Mexico’s Gabriela Agundez and Alejandra Orozco won the gold medal with 315.42 points, while Miller and McKay were second at 310.29 points. Brazil’s Ingrid De Oliveira and Giovanna Pedroso were third at 273.60 points.
Miller had no idea Brousseau was attending the Pan-Am Games and had also won a medal. Their training paths have never crossed on the Nepean Sportsplex pool deck, but maybe they will in the Games’ Athletes Village.
“That’s extra cool,” Miller said enthusiastically about having another Nepean Sportsplex-based athlete be successful at the Games.
On Saturday, Brousseau won a gold medal, but she didn’t have to swim in the women’s 4×100-metre freestyle final.
Brousseau raced the anchor leg in the morning heat and that qualified Canada for the final, giving her a chance to win a medal, if her team placed in the top three.
Canada excelled in the final, placing first in three minutes, 37.75 seconds and defeated the silver-medal-winning United States, 3:38.42, and the bronze medallists from Brazil, 3:39.94.
Canadian team veteran Katerine Savard, who swam the anchor in the final after teammates Mary-Sophie Harvey, Brooklyn Douthwright and Maggie MacNeil, was thrilled to see preliminary swimmers Brousseau and Emma O’Croinin receive medals.
“It took six to make this relay with the two girls this morning and we all did an amazing job,” Savard said in a Swimming Canada press release.

In the Games’ first swimming final on Saturday, Brousseau finished fifth in the women’s 400-metre freestyle in a personal-best 4:11.32. That was 0.06 seconds faster than her time at the World Aquatics junior championships in early September.
Brousseau, 17, won her morning heat and was the sixth fastest overall in 4:15.54.
“I didn’t find out until yesterday (Friday) that I’d be swimming, so it has been a pretty busy day, but I’m just super happy about the chance to do this race,” said Brousseau, who won seven medals at the world junior championships.
On Tuesday, she will have the top seed time entering the women’s 400-metre individual medley.
“I have some time to rest and refocus up for the next one. It has been so fun so far and great to swim here with all these Canadians.”

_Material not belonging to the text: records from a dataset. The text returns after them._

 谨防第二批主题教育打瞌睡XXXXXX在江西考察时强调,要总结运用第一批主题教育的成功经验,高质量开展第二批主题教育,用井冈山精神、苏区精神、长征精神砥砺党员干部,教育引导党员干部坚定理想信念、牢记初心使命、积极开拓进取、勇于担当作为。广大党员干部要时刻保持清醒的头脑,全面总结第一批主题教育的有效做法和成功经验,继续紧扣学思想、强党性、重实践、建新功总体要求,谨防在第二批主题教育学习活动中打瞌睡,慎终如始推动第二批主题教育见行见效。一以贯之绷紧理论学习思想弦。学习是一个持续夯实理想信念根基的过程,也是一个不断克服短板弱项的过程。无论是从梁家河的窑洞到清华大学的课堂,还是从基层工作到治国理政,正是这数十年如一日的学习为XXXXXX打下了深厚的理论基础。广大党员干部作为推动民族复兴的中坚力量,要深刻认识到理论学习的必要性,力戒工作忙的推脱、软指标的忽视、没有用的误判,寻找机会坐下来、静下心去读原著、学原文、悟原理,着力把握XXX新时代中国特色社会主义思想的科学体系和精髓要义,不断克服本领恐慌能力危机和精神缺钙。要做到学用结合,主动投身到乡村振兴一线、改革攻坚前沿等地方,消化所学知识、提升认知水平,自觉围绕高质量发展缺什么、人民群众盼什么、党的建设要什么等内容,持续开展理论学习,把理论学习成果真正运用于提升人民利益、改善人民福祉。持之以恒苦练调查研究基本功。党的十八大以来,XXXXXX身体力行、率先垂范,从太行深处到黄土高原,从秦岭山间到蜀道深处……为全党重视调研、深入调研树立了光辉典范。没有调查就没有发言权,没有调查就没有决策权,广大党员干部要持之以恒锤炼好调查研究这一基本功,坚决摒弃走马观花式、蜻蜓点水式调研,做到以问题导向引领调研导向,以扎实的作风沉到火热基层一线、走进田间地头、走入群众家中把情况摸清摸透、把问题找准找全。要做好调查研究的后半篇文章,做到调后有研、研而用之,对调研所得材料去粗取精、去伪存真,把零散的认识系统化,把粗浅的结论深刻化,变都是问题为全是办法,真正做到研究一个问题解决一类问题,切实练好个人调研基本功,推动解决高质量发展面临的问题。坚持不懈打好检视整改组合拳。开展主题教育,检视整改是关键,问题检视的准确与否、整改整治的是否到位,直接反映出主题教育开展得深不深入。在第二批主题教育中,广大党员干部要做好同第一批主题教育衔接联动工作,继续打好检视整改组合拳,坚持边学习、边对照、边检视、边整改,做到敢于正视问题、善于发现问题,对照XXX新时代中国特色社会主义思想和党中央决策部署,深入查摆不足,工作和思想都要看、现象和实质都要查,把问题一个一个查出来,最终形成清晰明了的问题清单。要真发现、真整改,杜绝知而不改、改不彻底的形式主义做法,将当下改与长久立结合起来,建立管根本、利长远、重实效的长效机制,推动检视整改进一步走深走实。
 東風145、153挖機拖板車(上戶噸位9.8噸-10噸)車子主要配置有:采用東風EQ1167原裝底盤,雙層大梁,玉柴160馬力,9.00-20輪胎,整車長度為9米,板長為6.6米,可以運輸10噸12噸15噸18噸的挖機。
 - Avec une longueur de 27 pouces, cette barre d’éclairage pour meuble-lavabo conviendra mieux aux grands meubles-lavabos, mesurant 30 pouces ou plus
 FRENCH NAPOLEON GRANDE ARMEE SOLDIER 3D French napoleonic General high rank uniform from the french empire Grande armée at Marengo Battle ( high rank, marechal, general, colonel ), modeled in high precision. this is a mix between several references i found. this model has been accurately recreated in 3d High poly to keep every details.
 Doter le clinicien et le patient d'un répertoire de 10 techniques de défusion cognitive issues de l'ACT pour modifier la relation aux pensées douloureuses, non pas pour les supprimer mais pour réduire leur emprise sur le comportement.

Meanwhile in women’s artistic gymnastics, Gatineau’s Frederique Sgarbossa was part of the Canadian bronze-medal winning group in the team event.
Sgarbossa competed on two of the four apparatus. She was the third-ranked Canadian on the vault at 13.033 points and on the uneven bars at 12.100 points.

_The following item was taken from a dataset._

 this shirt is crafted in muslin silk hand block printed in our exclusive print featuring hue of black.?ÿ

The United States won the women’s team event at 165.196 points, while Brazil took second at 161.564 points and the Canadian team of Aurelie Tran, Ava Stewart, Cassandra Lee, Sydney Turner and Sgarbossa finished third at 154.230 points.

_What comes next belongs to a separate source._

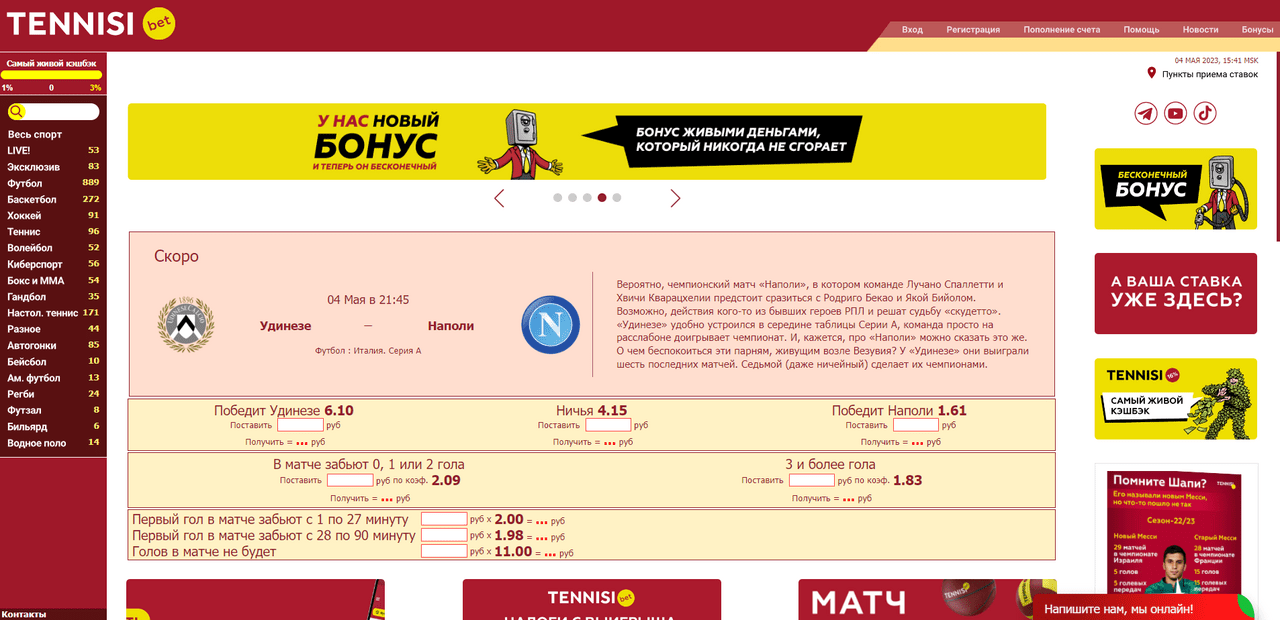 Если вы впервые зайдете на сайт букмекерской конторы Тенниси, может возникнуть ощущение, что дизайн не обновляли с момента создания компании в 1999 году. Однако это не мешает любителям беттинга заключать пари. На главной странице, помимо прочего, представлен главный матч дня по версии букмекера и его описание.

Former University of Ottawa swimmer Robert Bonomo of Toronto placed 22nd in men’s modern pentathlon at his first multi-sport Games. He finished with 1,096 points for competitions in fencing, swimming and laser-run. He didn’t qualify to compete in the horse test.
Bonomo opened the multi-sport endurance test by placing 28th out of 31 athletes in the one-touch, round-robin fencing competition. He won eight of his 30 matches and added one other victory in a bonus round for 174 points.
He excelled in the 200-metre freestyle swim, placing second overall and earning 296 points. He also was 11th in the laser-run, a combined target shooting and running test, for 626 points.
Martin Cleary has written about amateur sports for 50 years. A past Canadian sportswriter of the year and Ottawa Sports Awards Lifetime Achievement in Sport Media honouree, Martin retired from full-time work at the Ottawa Citizen in 2012, but continued to write a bi-weekly “High Achievers” column for the Citizen/Sun.